##### Provided material #####

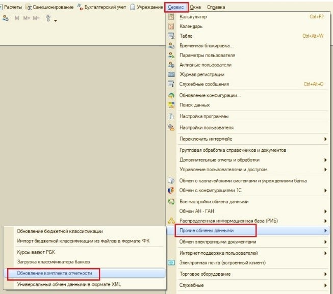В пункте меню Сервис выбираете команду Прочие обмены данными – Обновление комплекта отчетности
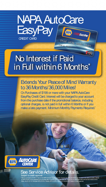 Follow link to apply for the Synchrony NAPA EzPay Card. Contact us or Synchrony for more information on rates, etc.
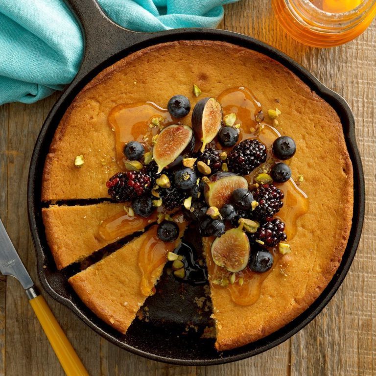 Asse até que um palito inserido no centro sai limpo, 30-35 minutos.Cool completamente em panela em uma cremalheira de fio.Serve com frutas, mel adicional e, se desejado, pistache picado.

#####

_Your objective_
The whole listing must come back verbatim, with no pictures included.

_Completed exercise_
В пункте меню Сервис выбираете команду Прочие обмены данными – Обновление комплекта отчетности
 Follow link to apply for the Synchrony NAPA EzPay Card. Contact us or Synchrony for more information on rates, etc.
 Asse até que um palito inserido no centro sai limpo, 30-35 minutos.Cool completamente em panela em uma cremalheira de fio.Serve com frutas, mel adicional e, se desejado, pistache picado.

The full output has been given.